Ivan Domingues discute a centralidade da mecanologia como eixo de ligação entre as engenharias e as chamadas ciências básicas

Para o Prof. Dr. Ivan Domingues, “o pensamento de Simondon é um approach e a expressão de uma sensibilidade, com feelings e intuições nem sempre traduzíveis numa axiomática ou conduzindo a uma “logística”. No entanto, mais do que nenhum outro de seus contemporâneos, ele procurou trazer a lume a ratio da técnica, procurada a meio caminho da matemática, da engenharia e da arte, dando vazão à criação, à inventividade e ao design (tecno-design, como nos protótipos industriais, e virtualmente bio-designs)”, comenta, em entrevista por e-mail à IHU On-Line. Segundo o professor, a questão da mecanologia é central no pensamento de Simondo, porque é responsável por fazer a ligação entre as diversas áreas das engenharias e as chamadas ciências básicas. “Penso que o pensamento de Simondon é sumamente atual e nos oferece uma perspectiva em filosofia da tecnologia mais fecunda do que a do positivismo e da filosofia analítica, com sua inclinação de pensar a técnica como mera extensão da ciência”, avalia Domingues.

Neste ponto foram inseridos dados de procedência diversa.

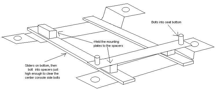 http://mitsustyle.com/forums/attachm...5&d=1240896536 These are very nice brackets, but they sit up higher than stock, plus those rails make it even higher. The problem really stems from the floor being uneven, the inside is about 1" higher than the outside, dumb design. I suppose if I did a fixed position seat they would sit about 1.5" lower. Then I got to thinking how I could make a sliding seat sit just as high as a fixed position, just a hair over the front studs and rear bolts. For the current seats I could bend the cross bars down in the center, but that wouldn't work for seats that had wider mounting points for the rails, because they would have to sit directly over the mounting bolts. So I came up with this design: http://mitsustyle.com/forums/attachm...6&d=1240896536 The rails themselves are positioned as wide as possible on the flat part of the floor. Then add spacers in the front just enough to clear the studs, and a little bit of spacers in the back to clear the bolts. On top of the spacers weld full bars across in the places where you need to bolt on the seat bottom. This will allow any diameter of seat rail mounting points, and will allow the seat to sit basically as low as a fixed position seat. I'm just sharing this with others that might want to make brackets instead of spending over $200 on premade ones that look like the current ones I have that sit up high. Feedback is welcome, I'd love the improve the design further. Maybe someone has already designed this, but I couldn't find anything. |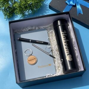 Blue Magnetic Pen Notebook with Flask and Leather Keyholder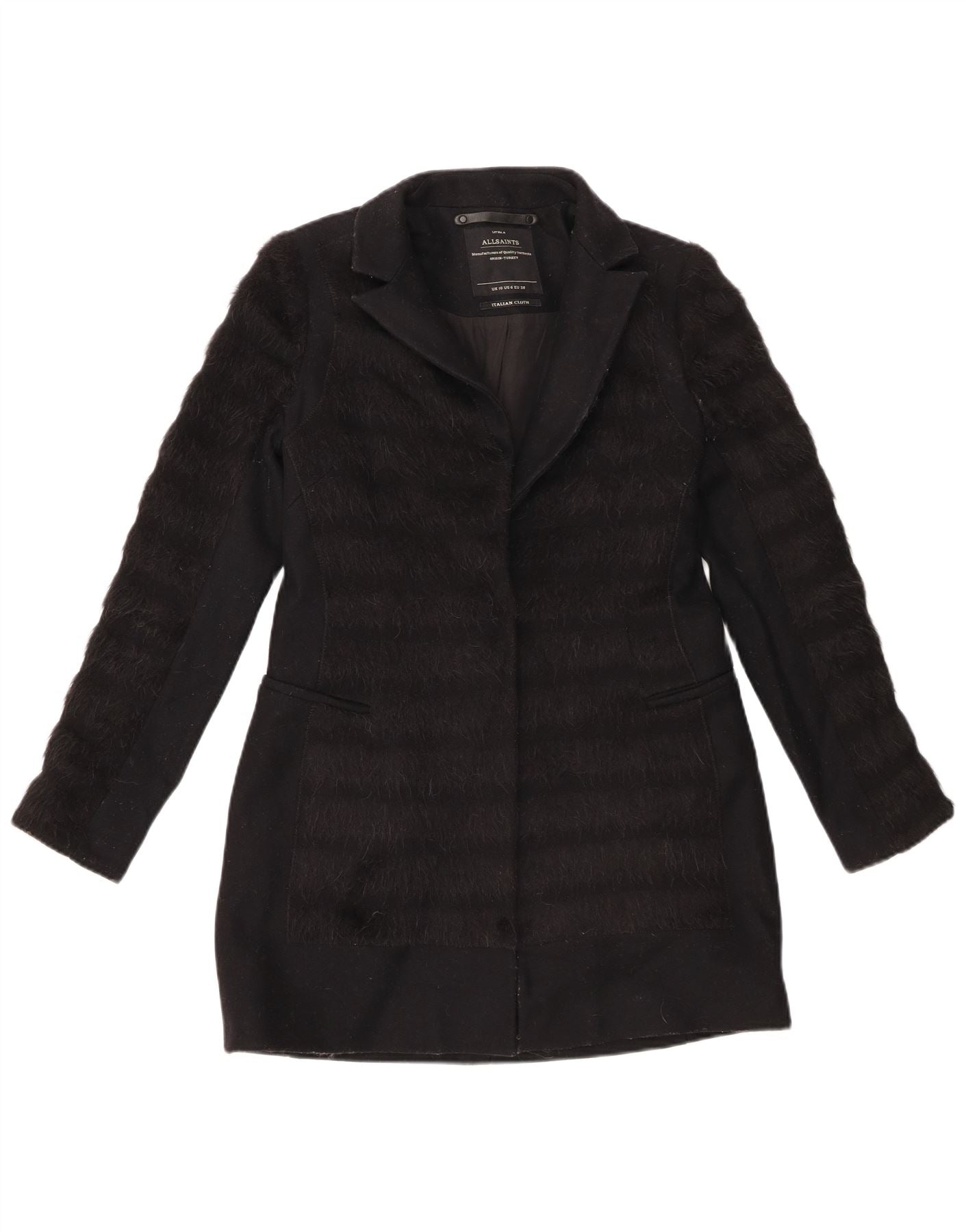 - Descripción de IA: Este abrigo de piel para mujer de All Saints está confeccionado con una lujosa mezcla de lana virgen negra y presenta paneles distintivos con textura de piel. Presenta un escote de cuello clásico y manga larga. El corte regular ofrece una silueta sofisticada. Un cierre de botón proporciona un acabado impecable. En el diseño están integrados prácticos bolsillos. Este abrigo forrado combina calidez con un estilo elegante.
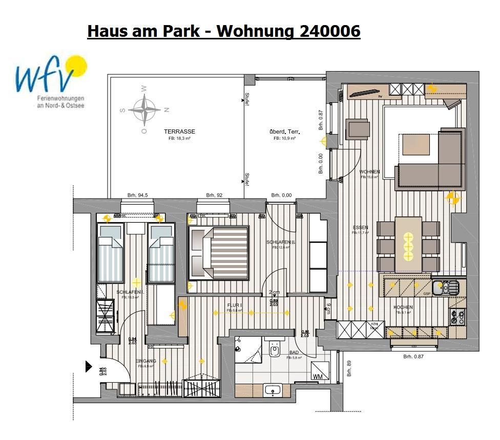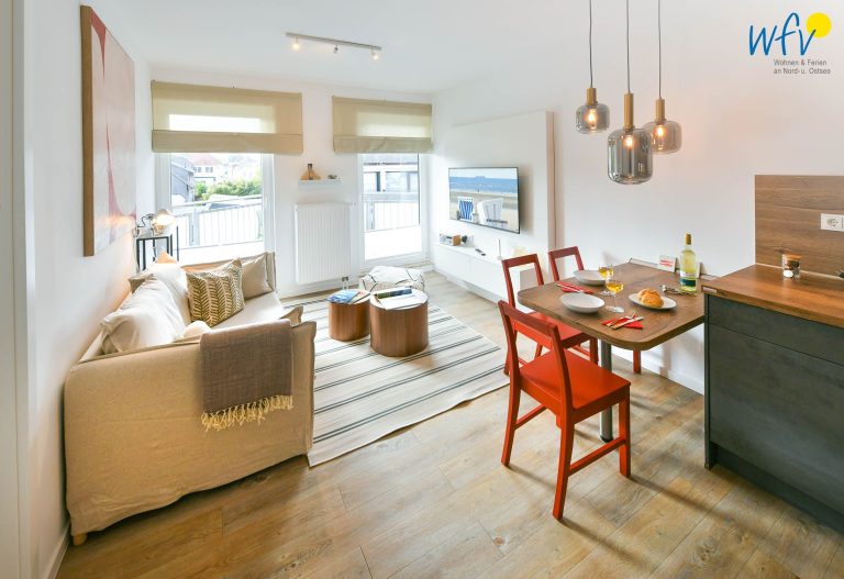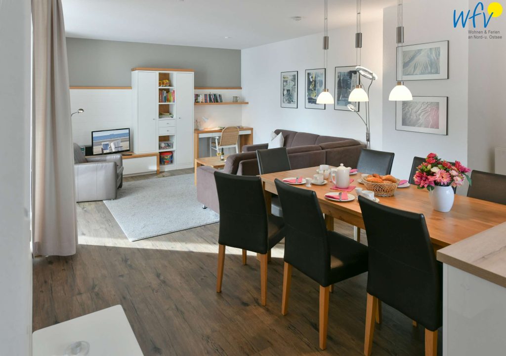 Auf 85 m² Wohnfläche erwartet Sie in der "Ferienwohnung 6" jede Menge Platz, um sich mit der gesamten Familie rundum wohlzufühlen. Freuen Sie sich auf wunderschöne Stunden auf dem sonnigen Balkon! Perfekt, um einfach mal die Seele baumeln zu lassen und die würzige Nordseeluft in vollen Zügen zu genießen...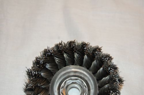 WEILER 4" BEVEL KNOT BRUSH 13405 .014WIRE 1/2" ARBOR HOLE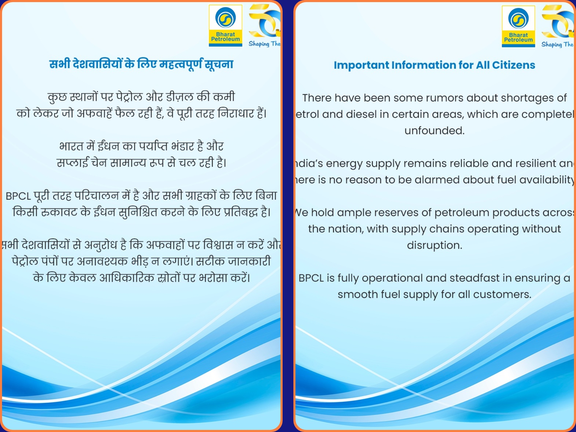 BPCL पूरी तरह परिचालन में है और निर्बाध ईंधन आपूर्ति सुनिश्चित करने के लिए प्रतिबद्ध है। कृपया अफवाहों पर विश्वास न करें, पेट्रोल पंपों पर भीड़ न लगाएं और जानकारी के लिए केवल आधिकारिक स्रोतों पर ही भरोसा करें।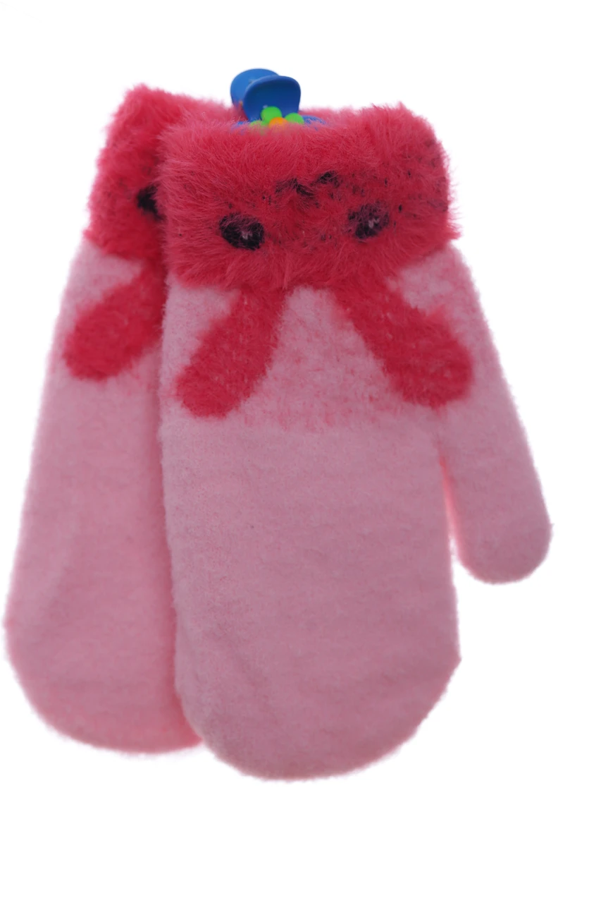 Рукавички з м'якої ангори для дівчинки. Милий принт зайчика, ніжний колір підійде під будь-який зимовий комплект.

O Instituto Humanitas Unisinos - IHU recebe Ivan Domingues, no dia 24-10-2013, também para apresentar a conferência A filosofia da tecnologia de Simondon: a centralidade da mecanologia. O evento ocorre na sala Ignacio Ellacuría e Companheiros, às 19h30, e integra a programação do II Seminário em preparação ao  XIV Simpósio Internacional IHU – Revoluções tecnocientíficas, culturas, indivíduos e sociedades, cuja programação completa pode ser conferida em http://bit.ly/Simondon.

Confira a entrevista.

 

IHU On-Line - Quais são as proposições fundamentais da filosofia da tecnologia de Simondon ?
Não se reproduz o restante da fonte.